Yes I think so, but I just didn’t want to admit it. Maybe I was afraid to be disappointed.

How does Theatre School prepare one for a film like The Idiots? I mean, the spectator wonders if what he sees onscreen actually “occurred” during the shooting. The film sort of annihilates the fiction involved in the fiction. How was it different for the actor?

For me it was very hard not to think, you know, “here is the character and here is me.” But Lars didn’t want to discuss the character, he wanted us to be real, not to pull the character from ourselves. He would tell us not to deliver anything to the camera but to just be, which was hard initially but after a while I actually forgot that I was on, and I think that’s when actors are at their best. I liked it very much. But I think that without my school experience, I would not have been able to so trust in myself.

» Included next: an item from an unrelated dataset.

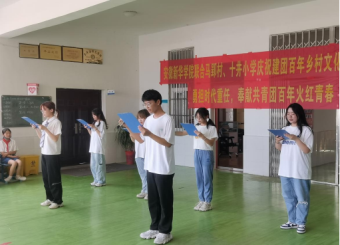 (通讯员:张皖斌 孟宇航)6月22日下午,必赢76net线路官网文化与传媒学院联合马郢村、十井小学开展以“勇担时代重任,奉献百年青春”为主题的“三下乡”文艺汇演并圆满结束。文化与传媒学院部分领导老师、“青新实践团队”全体成员、马郢村十井小学部分学生参与此次活动,本次活动由吴思豫同学主持。

In a way, usually there is the character and there is you, but here there was no clear line between.

Maybe not so black and white as that, but yes, it was more like the two flowing together. You remember the scene in the window. It was really hard to make. We shot it three or four hours a day over five days; it was never good enough. I was home thinking about how we should do the scene, and when I came in the next day to tell Lars about it, he said no, no, no, it doesn’t matter, just talk about your own childhood. He really wanted it like therapy, dig in me as a person. This sort of method acting is one way to work, but I wouldn’t want to work like that all the time.

You would burn out in a sense.

Yes, exactly.

Did this open you up? Did it affect your acting?

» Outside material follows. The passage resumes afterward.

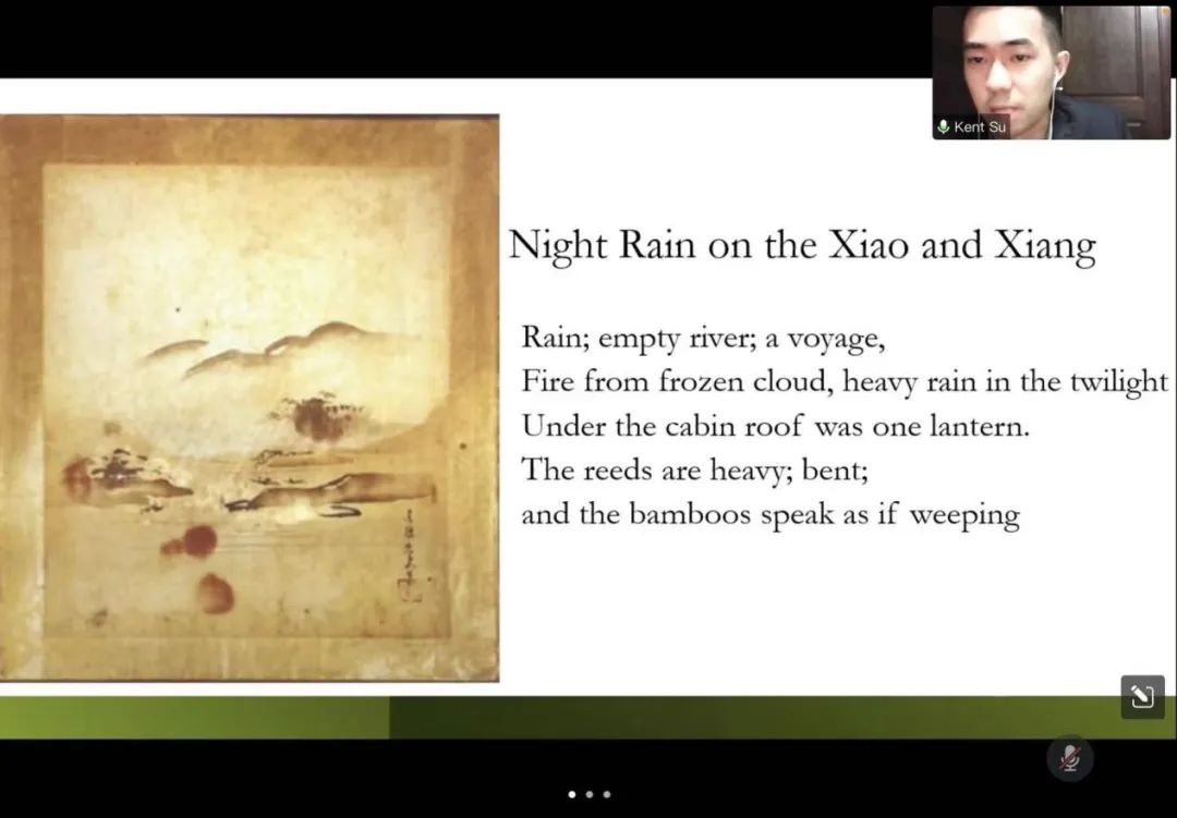 接着,苏老师基于《第4诗章》和《第49诗章》和所对应的山水画,深入阐释了庞德所期望重建于现世的盛世乐园与中国山水的联系,揭示出两个诗章通过描写自然而呈现出的道家核心概念“无为”和“天人合一”的自然观念。这两个诗章中的景色是庞德在诗歌创作中所追求的平静的、短暂的天堂般境界的一瞥。随后,苏老师分析了《中国史诗章》中中国风景的象征意义,风景的变化代表着混乱与秩序之间永不停息的变化,也象征着中国历史发展的两个方向。庞德由中国山水画追根溯源,关注以儒家思想为代表的中国古典哲学,而他提倡儒家思想的目的是为了实现国家的和谐,进而在20世纪初西方世界重建盛世乐园。

I think I acted the same way in my first movie. I work very much from the inside, but I did learn a lot. There is so much more freedom in Dogme, I could fill the space more. What I learned in The Idiots was where my limits as an actor are drowned . . . and I think that Lars went over them many times. But looking back, I see what came out of it, and it’s good. But it’s a big price to pay in a way. Not that I wouldn’t have done it, but it touched something very special and I wouldn’t like to do it again like that.

Watching The Idiots you feel that what you see onscreen happened on the set, and in The Humiliated (the making of), it’s hard to tell when the actors are playing or just being. Trier seems to have violated the natural distance between the director and the actor/character.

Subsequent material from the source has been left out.